The Customers report group lives under P2Lab Stats → Customers and contains the analyses you’d otherwise build in a separate BI tool — cohort retention matrix, RFM segmentation, new-vs-returning customer overview.

Every report follows the common chrome — chart, sortable table, filter sidebar, profile sidebar, date range with previous-period comparison.

The landing report for the group. Combines KPIs that classify your customer base.

KPI cards on top:

  • New customers — first order in the range
  • Returning customers — had an earlier order; ordered again in the range
  • Active customers — placed at least one order in the range
  • Orders per customer
  • Average customer revenue
  • Guest orders — orders without a registered customer
  • Retention rate — share of previous-period customers who also ordered in the current period
  • Registration conversion rate — share of guest orders converted to registered customers

The full list and exact definitions are in KPI list.

The table below the chart shows registered customers in the range with order count, total spend, AOV and last-seen date.

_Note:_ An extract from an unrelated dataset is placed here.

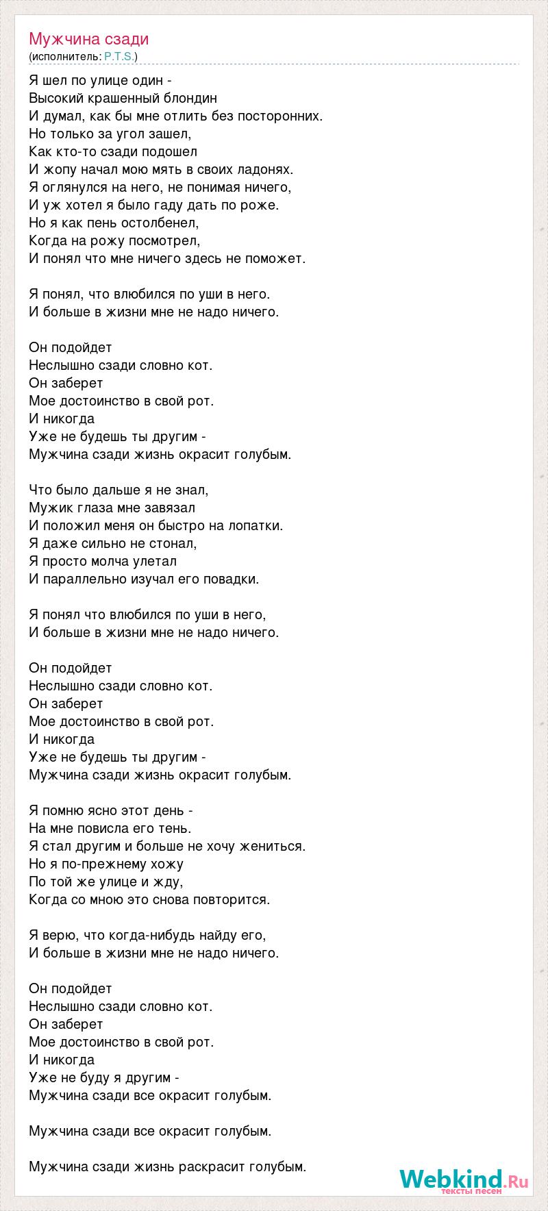 Я шел по улице один - Высокий крашенный блондин И думал, как бы мне отлить без посторонних. Но только за угол зашел, Как кто-то сзади подошел И жопу начал мою мять в своих ладонях. Я оглянулся на него, не понимая ничего, И уж хотел я было гаду дать по роже. Но я как пень остолбенел, Когда на рожу посмотрел, И понял что мне ничего здесь не поможет. Я понял, что влюбился по уши в него. И больше в жизни мне не надо ничего. Он подойдет Неслышно сзади словно кот. Он заберет Мое достоинство в свой рот. И никогда Уже не будешь ты другим - Мужчина сзади жизнь окрасит голубым. Что было дальше я не знал, Мужик глаза мне завязал И положил меня он быстро на лопатки. Я даже сильно не стонал, Я просто молча улетал И параллельно изучал его повадки. Я понял что влюбился по уши в него, И больше в жизни мне не надо ничего. Он подойдет Неслышно сзади словно кот. Он заберет Мое достоинство в свой рот. И никогда Уже не будешь ты другим - Мужчина сзади жизнь окрасит голубым. Я помню ясно этот день - На мне повисла его тень. Я стал другим и больше не хочу жениться. Но я по-прежнему хожу По той же улице и жду, Когда со мною это снова повторится. Я верю, что когда-нибудь найду его, И больше в жизни мне не надо ничего. Он подойдет Неслышно сзади словно кот. Он заберет Мое достоинство в свой рот. И никогда Уже не буду я другим - Мужчина сзади все окрасит голубым. Мужчина сзади все окрасит голубым. Мужчина сзади жизнь раскрасит голубым.

Sort by any column.

A simple breakdown by the Shopware customer group assigned to each customer. Useful when you operate B2B + B2C in the same shop or run named partner groups.

Each row shows orders, revenue, customers, AOV plus Δ % against the previous period.

Groups customers by the month of their first order and tracks how many of them return in each subsequent month.

  • Rows: cohort month (first-order month).
  • Columns: M0, M+1, M+2, … M+11 — months after the cohort month.
  • Cell value: configurable — either revenue per active cohort customer or orders per active cohort customer.

The heatmap colour-codes retention strength so weak cohorts stand out. Click any cell to drill into the customers who made up that intersection.

Use cases:

  • Compare cohorts side by side — does August 2024 retain better than August 2023?
  • Spot the retention shelf — at which M+N does retention stabilise?
  • Validate marketing campaigns — does a cohort that signed up during a discount push retain at the same rate?

Assigns every customer to one of ten segments based on quintile scores across three axes:

  • Recency — how recently they ordered (lower = better).
  • Frequency — how often they ordered.
  • Monetary — how much they spent.

Each axis gets a score 1 (worst quintile) to 5 (best quintile). The combination maps to one of these segments:

SegmentDescription
ChampionsBought recently, often, and spent the most
Loyal customersHigh frequency, decent monetary
Potential loyalistsRecent, decent frequency — nurture them
New customersBought recently, low frequency
PromisingRecent first-time buyers with potential
Need attentionAbove-average recency / frequency / monetary, slipping
About to sleepBelow-average values, drifting
At riskSpent big and often but haven’t bought recently
Can’t lose themTop spenders who haven’t bought for a long time
HibernatingLowest scores across the board

The full breakdown of which RFM score combinations map to which segment is in RFM segments.

The report shows:

  • A heatmap with the R×F grid coloured by segment.
  • A segment summary table with customer count, total revenue and share per segment.
  • A drill-down table of customers in any selected segment.

Use cases:

  • Build email campaigns targeted at specific segments (e.g. discount push for “Can’t lose them”).
  • Track segment migration over time — are Champions becoming At risk?
  • Identify VIPs to onboard into a loyalty programme.